Title: VP - Site Reliability Engineering (Chennai/Kuala Lumpur/Bangalore)
Chennai, IN
Job Summary
- This role could be based in India and Malaysia. When you start the application process you will be presented with a drop down menu showing all countries, Please ensure that you select a country where the role is based.
RESPONSIBILITIES
- Lead the implementation and advocacy for SRE (SIte Reliablity Engineer) principles to improve the reliability and availability of our applications
- Drive work on setting and maintaining SLI/SLO/Error budgets for our applications
- Responsible for developing and executing on the Chapter Vision together with the other Chapter Leads
- Drive technology strategy, technology stack selection, and implementation for a future-ready technology stack, to achieve outcomes of highly scalable, robust, resilient system.
- Experienced former practitioner with leadership ability.
- Oversees the execution of functional standards and best practices
- Provide thought leadership on the craft, inspire and retain talents by developing and nurturing an extensive internal and external network of practitioners.
- This role is around capability building, it is not to own applications or delivery
- Creates a strategy roadmap of technical work
- Works to drive technology convergence and simplification across their chapter area
Technical Responsibilities
- Service Reliability: Monitor and maintain the reliability, availability, and performance of production services and infrastructure.
- Automation and Tooling: Develop and maintain automation tools and processes to streamline system provisioning, configuration management, deployment, and monitoring.
- Incident Management: Respond to and troubleshoot incidents, outages, and performance issues in production environments, ensuring timely resolution and minimal impact on users.
- Blameless Postmortems and Learning from Incidents – Participate in the wider root cause analysis and support & drive collaborative actions.
- Capacity Planning: Analyze system performance and capacity trends to forecast future resource requirements and optimize infrastructure utilization.
- Performance Optimization: Identify and address performance bottlenecks and optimization opportunities across the software stack, from application code to underlying infrastructure.
- Security and Compliance: Implement security best practices and ensure compliance with regulatory requirements, collaborating with security and compliance teams as needed.
- Continuous Improvement: Continuously evaluate and improve system reliability, scalability, and performance through automation, process refinement, and technology upgrades.

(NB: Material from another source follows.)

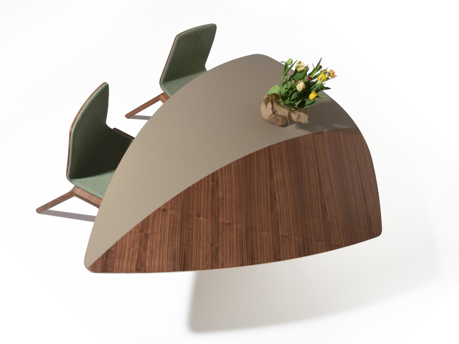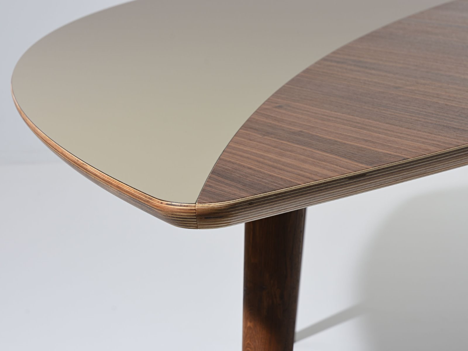 De RP-collectie van Castelijn heeft een groot assortiment aan mogelijkheden. Zo zijn er verschillende opties mogelijk met de vorm van het tafelblad. Het bladoppervlak kan in 8 kleuren Fenix toegepast worden. De vorm, de lichtgebogen deelnaad in de tafel doet nieuwste tafel lijken op een boomblad. Bij deze bladvorm kan er gekozen worden voor Fineer of een combinatie hiervan.De massief eiken poten zijn bevestigd aan een metalen frame, welke ook in 6 kleuren geolied kunnen worden. Een eigen samengestelde tafel, een echte blikvanger in uw interieur!

- Documentation and Knowledge Sharing: Document system designs, configurations, and procedures, and share knowledge with team members through documentation, training, and mentoring.
Strategy
- Reliability Engineering Strategy – Develop and execute a comprehensive reliability engineering strategy to ensure high availability, fault tolerance and disaster recovery capabilities for critical systems and services
- Scalability Planning – Design and implement scalable architecture solution that can accommodate growth in user traffic and data volume over time
- Monitory and Alerting Strategy – Defining and implementing monitoring and alerting strategies to proactively identify and address issues before they reach the end users
- Capacity Planning Strategies – Develop capacity planning strategies to ensure that systems have sufficient resources to handle current and future workloads
Business
- Experienced practitioner and hands on contribution to the squad delivery for their craft (Eg. SRE).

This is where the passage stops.